Настольная лампа стояла на полу. У окна огромный красавец стол. На столе мраморная чернильница в виде рыцарского замка. Наверное, трофейная. По бокам от чернильницы две мраморные пепельницы. Одна — в виде русалки, другая — в виде Хозяйки Медной горы. На столе ни ручки, ни листка бумаги.

— Можно, я посмотрю книжки? — спросил я тетю Маню.

Она уложила спать свою маленькую дочку и, шлепая босыми плоскими ступнями, ходила из комнаты в комнату: стелила мне постель и, видимо, готовила ужин.

Ковры с пола были скатаны: то ли чтоб я не сглазил их драгоценной красоты, то ли чтоб не загрязнил, а может, они всегда здесь скатаны. Тетя Маня проследила мой недобрый взгляд и шепотом сказала:

— Проклятущие эти ковры! Пыль к ним так и липнет. Василь Василич ругается, а я свернула и не разворачиваю. Выбивать надоело.

— Можно, я посмотрю книжки? — повторил я вопрос, показывая на этажерку.

— Да это все Василь Василича. Он их читает. Пошли поужинаем и спать будем.

— Я не хочу!

Хотел ответить запросто, с порога готовил ответ, а получилось обидчиво, чуть не через слезы.

Мне ужасно хотелось попробовать директорского ужина. Но, во-первых, сами мы жили на картошке да молоке, а во-вторых, эта тетя Маня так и не разрешила посмотреть книги.

— Спать буду! — сказал я директорше.

И стал ждать, когда она выйдет. Улегся, а сон не шел.

Дома я как следует не поел, надеялся-таки на угощение в директорском доме, в животе бурчало, но ведь кто его знает, может, чужой кусок и в горло бы не полез. Вон как не по-нашему пахнет эта квартира. Запах не противный, но скорее бы кончилась эта ночь.

Тут я вспомнил, что тетя Маня ворожея. Затаился, прислушиваясь. Да так хорошо затаился, что и заснул.

8

Чуть свет я был у Коныша.

— Сережка, мы должны помочь семье красного командира. Семья живет в подвале, а красный командир погиб на войне.
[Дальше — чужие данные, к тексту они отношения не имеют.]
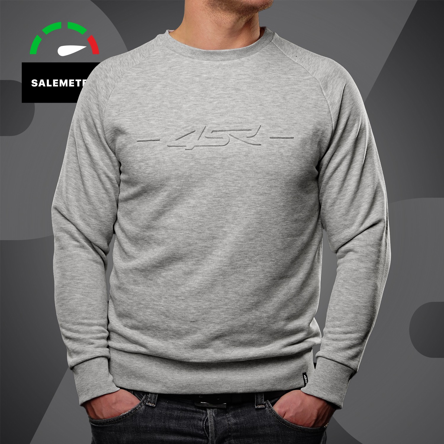 Šedá mikina bez kapucne Logo EMB Grey s 3D logom 4SR je vyrobená z príjemného materiálu French Terry.

— Как ты собираешься помогать? У тебя есть лишняя квартира? — Сережка не скрывал своей улыбочки.

— Но ведь это несправедливо! — закричал я. — Мы должны пойти в горсовет и сказать…

— Чудак! — засмеялся Коныш. — Ну и чудак ты! Успокойся, я тоже придумал дело. Вот поспеет картошка, мы сначала Стаське поможем, у них шестеро малышей в семье, потом у нас выкопаем и еще кому-нибудь из наших.

— Из наших?! — закричал я, не помня себя.

— А ты хочешь на дядю чужого работать?

— Коныш!.. — У меня голос даже сорвался. — Я думал, ты за Тимура, за Зою, а ты вон какой!

— Какой?

Я опустил голову, обмяк.

— Ну, какой, какой? — требовал ответа Коныш.

— Не знаю, — ответил я неправду.

— А то ведь можешь и катиться яблочком. Мы не держим.

Разговор у нас шел на лестнице. Громкий разговор. Выглянула какая-то женщина.

— Чего разгалделись?

— Пока! — сказал я.

— Пока!

Я шел, не зная куда. Шел и шел. Это был урок. Одних я предал, потому что они квакинцы, а другие не квакинцы, но, может быть, еще хуже. О себе мне даже думать было противно.

По деревянному мосту перешел речку Свирель. Вода у берегов заплела в косы зеленую гриву водорослей.

Я впервые перешел реку, и каждый мой шаг теперь был открытием. Я открывал неведомый город.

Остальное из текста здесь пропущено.